Altro pregiudizio con cui Bernardo doveva fare i conti, specie dopo la vittoria dell’Oscar (unico italiano, dopo l’oriundo Frank Capra, titolato miglior regista per “L’ultimo imperatore” ), era la ‘diceria’ di non essere più in grado di pensare il cinema se non in termini ad alti budget, epicamente esotici o di ossessive prouderie contigue al fascino discreto della intellighenzia borghese (se ancora esiste).

Smentendo il parere diffuso in almeno in almeno tre casi di piccoli, travagliati  kammerspiel  (sul tema delle contraddizioni fra ‘ipotizzare e attuare’) dei quali “L’Assedio”, “The dreamers”, “Io e te”, non isolabili (a esercizi di stile) dall’ampia filmografia dell’autore  ovvero dall’ “ampia” concettualità dell’immagine che permetteva a Bertolucci di “pensare in cinema”, senza l’additivo di aggettivi minimali o grandiosi, condizionamenti egotistici, avarizie da star.
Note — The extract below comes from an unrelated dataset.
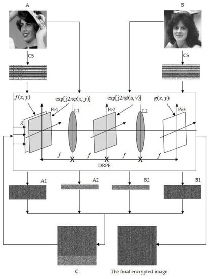 The proposed double image encryption scheme based on CS and DRPE includes two main stages: the encryption stage and the decryption stage. In the encryption stage, the two original images A and B are compressed and sampled (encrypted), respectively, through CS, and then DRPE is performed to obtain two small-sized images, A1 and B1. Meanwhile, the two original images are directly encrypted with DRPE to obtain the authentication information, A2 and B2. Next, the two small-sized images (A1 and B1) are combined with the authentication information of the two images (A2 and B2) into an image C, and we finally perform DRPE on C to obtain the final encrypted image. The decryption process is the reverse process of encryption. Figure 1 shows the overall framework of the encryption process.
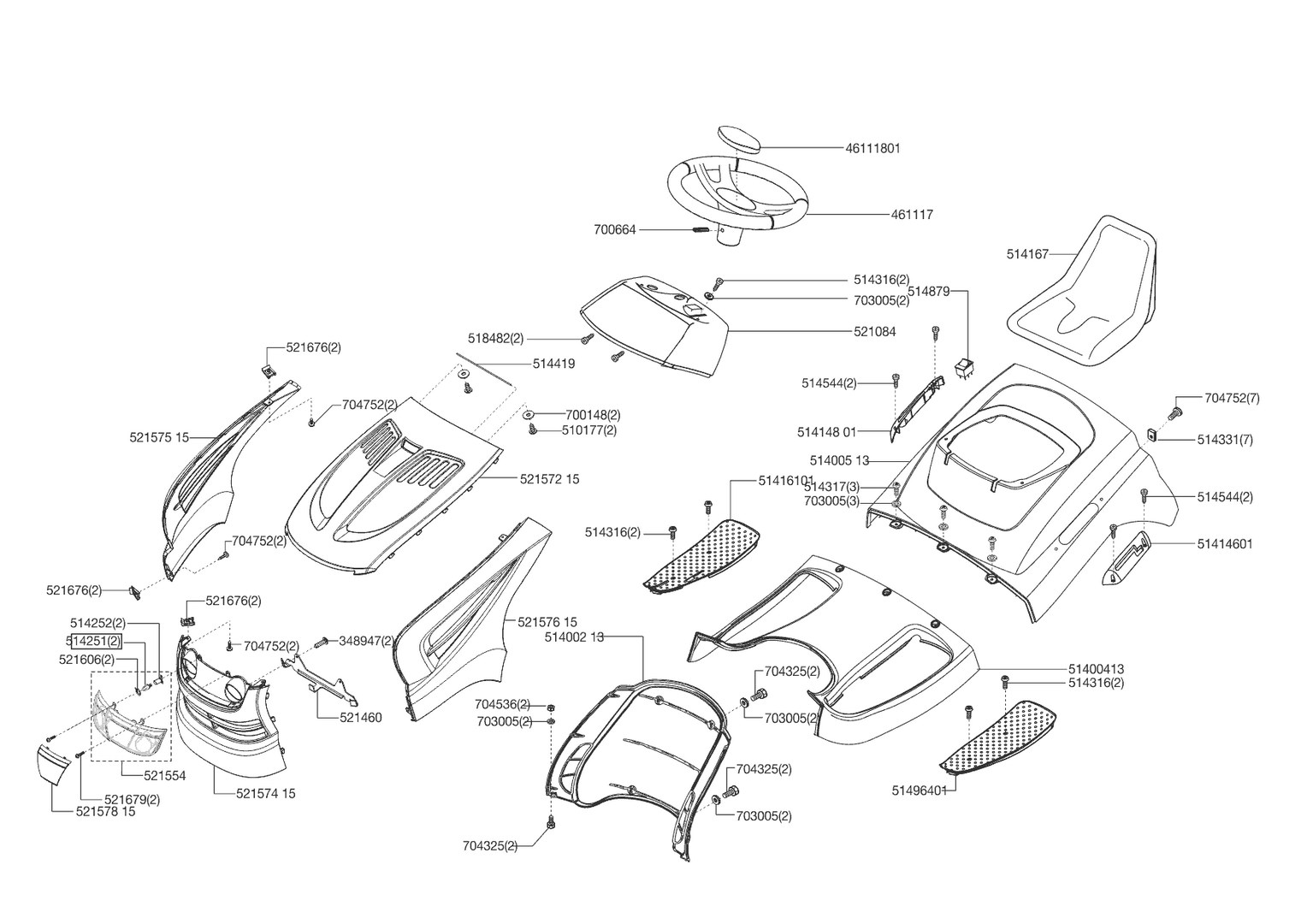 Zeichnungen von AL-KO Rasentraktor T15/102 MARINA ab 07/2012 mit der Geräte-Artikelnr. 118827:

Un estro e una fertilità terragna, sorgiva, scabramente padana, quella che motivava Bertolucci sin dai suoi esordi poetici (Premio Viareggio opera -prima per”In cerca del mistero” del 1962), irrobustiti dal successivo apprendistato a contatto con Sergio Leone per la realizzazione di “C’era una volta il West” e dalle prime esperienze sul campo in occasione de “La teleferica” e “La commare secca”, quasi a ridosso dell’abbrivio pasoliniano ricevuto –nel 1961- sul set di “Accattone”. Man mano che gli interessi culturali di Bertolucci, divenuto nel frattempo primo marito della incandescente  Adriana Asti, andavano fuori orbita dal solito cinema real-periferico. Abbeverandosi alla cinefilia della migliore Hollywood d’annata (Ford, Griffith ma anche Kurosawa) e dell’allora imprescindibile Nouvelle Vague francese, con un particolare ‘debole’ per le disarticolazioni ‘grammaticali’ di montaggio e logica narrativa introdotti da Godard.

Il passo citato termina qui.